Final Plots and Summary

Plot One

alcohol.plot+
  xlab("Alcohol")+
  ylab("Number of wines")

Description One

We have few wines with alcohol rate between 8 and 9. The peak of frequency is betwhen 9 an 10. The frequency then decreases with alcohol growing up to 14. Most values are between 9 and 12. Alcohol is one of the variables(with residual sugar and quality)that does not seem to be normally distributed

Plot Two

title="Comparing the combined effect of alcohol or density with fixed
             acidity on wine quality"
grid.arrange(quality.alcohol.fixed.acidity.plot,
             quality.density.fixed.acidity.plot,
             ncol=1, main=title)

Description Two

Most of the wines of high quality and low alcohol, as well as those of high quality and high density are of high fixed acidity. This is consistant with the correlation between alcohol and density.

Plot Three

grid.arrange(quality.alcohol.by.fixed.acidity.plot,
             quality.alcohol.by.volatile.acidity.plot,ncol=1)
## geom_smooth: method="auto" and size of largest group is >=1000, so using gam with formula: y ~ s(x, bs = "cs"). Use 'method = x' to change the smoothing method.
## geom_smooth: method="auto" and size of largest group is >=1000, so using gam with formula: y ~ s(x, bs = "cs"). Use 'method = x' to change the smoothing method.
## geom_smooth: method="auto" and size of largest group is >=1000, so using gam with formula: y ~ s(x, bs = "cs"). Use 'method = x' to change the smoothing method.
## geom_smooth: method="auto" and size of largest group is >=1000, so using gam with formula: y ~ s(x, bs = "cs"). Use 'method = x' to change the smoothing method.

Description Three

The increase of wine quality with alcohol seems more evident for lower values of fixed acidity and higher values of volatile acidity.


Reflection

My exploration of the white whines data set revealed some interesting findings.The data is made of 4898 entries, each one having 11 chemical properties of a white wine and the quality, as the output attribute, graded by wine experts.All the attibutes ara numerical.
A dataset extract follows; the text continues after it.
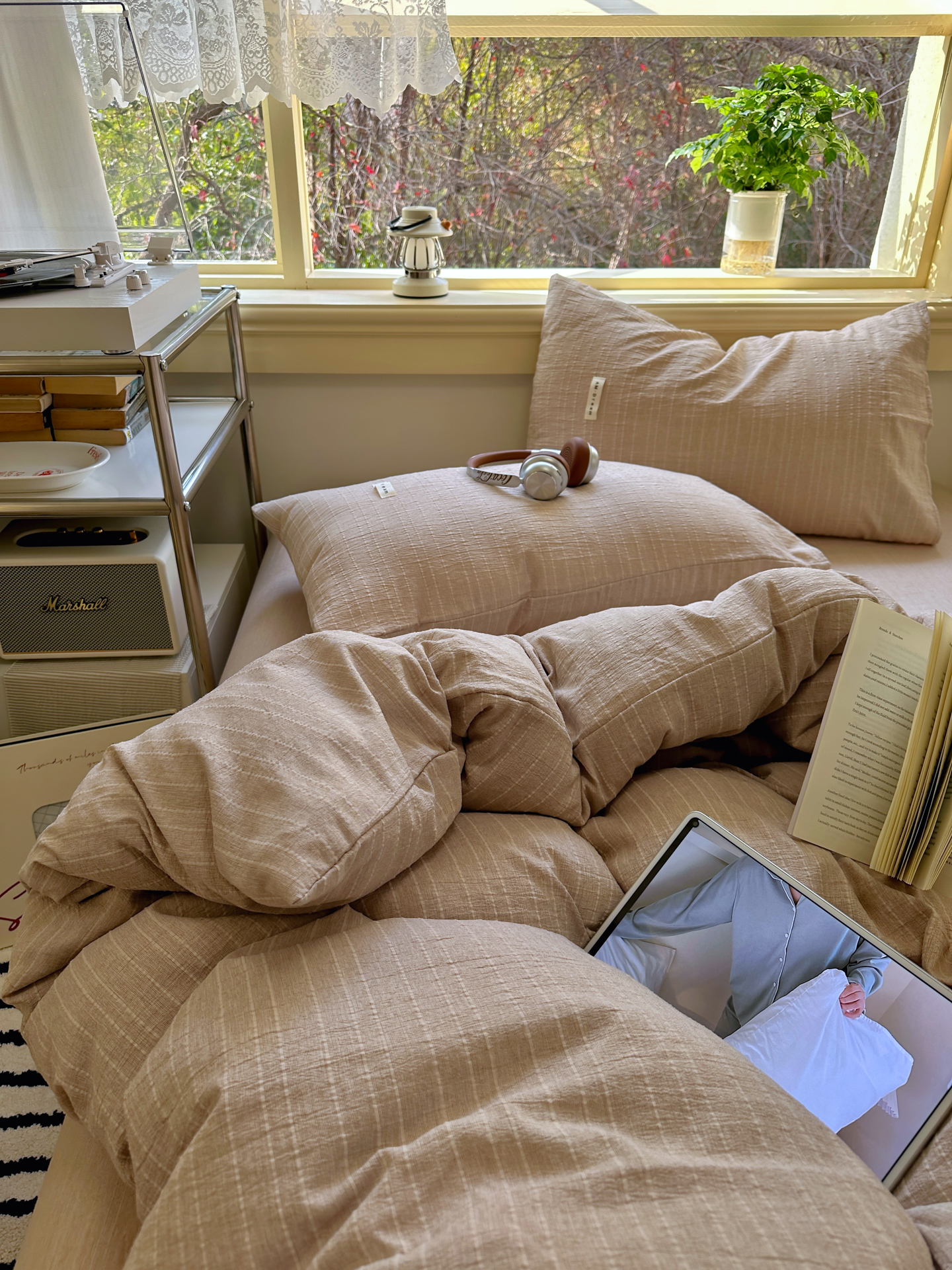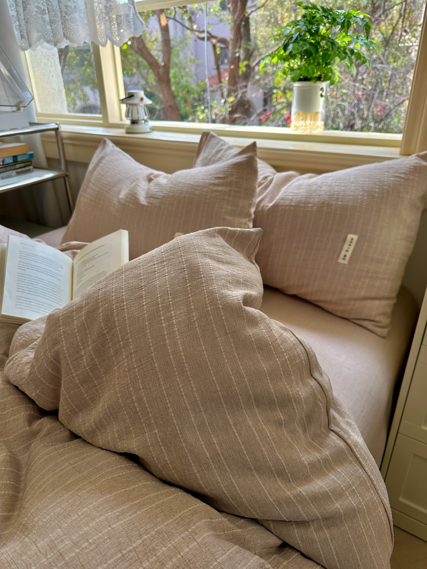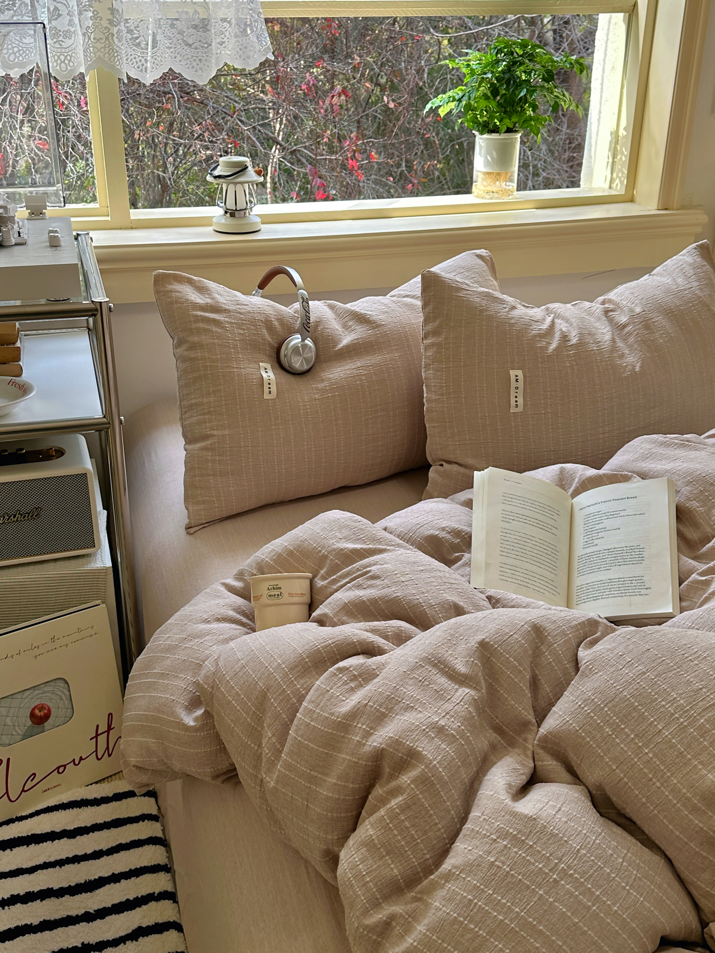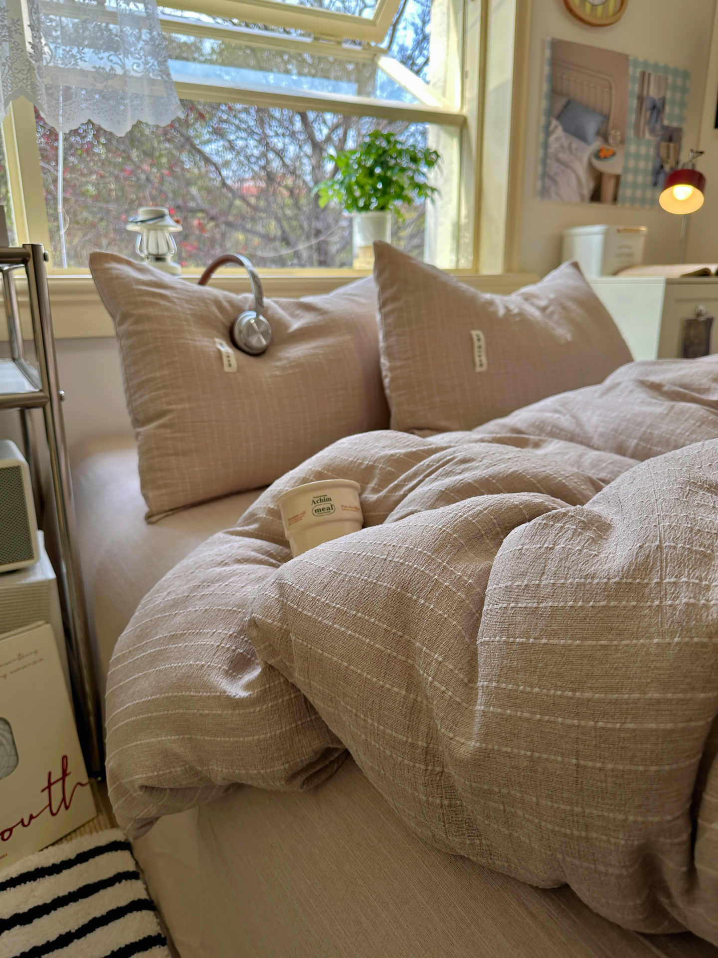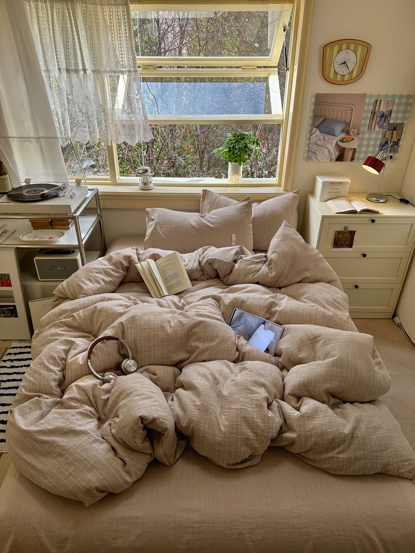 当前位置: 91家纺网 > 商品网购 > 床品套件 > 四件套 > 化纤普通四件套 > 优兰朵家纺 2026新款简约素色亚麻风纯色无印四件套 咖色-素然

After summarising the data, I went through individual attributes to understand their distributions and I found that most of them seemed to be normally distributed. Going through pair relationships, I found two pairs of highly correlated attritutes, namely “Density-Alchohol” and “Residual sugar-Alcohol”. It may not be interesting to use them together when building a model.

Plotting them against wine quality (with a smooth curve to help me see trends) I found that the output variable is mainly influenced (positively or negatively) by alcohol, pH, fixed acidity, volatile acidity, and density. I then went through some combinations of theses variables to undersdant how they relate to wine quality. Since they were all numerical, I first started with a heat map, but it appears difficult for me to have insight from that. I then transformed some of the variables by dividing them into two buckets around their medians and this helped me to gain more findings.

I unfortunately have not found any linear (or near linear) relationship between wine quality and any attribute, combination or transformation of attributes, so I preffered not to build a linear model for now. I thing that several model types should be considered and compared to have the best prediction of wine quality. Let me take the “Intro to Machine Learning” course before reworking on this!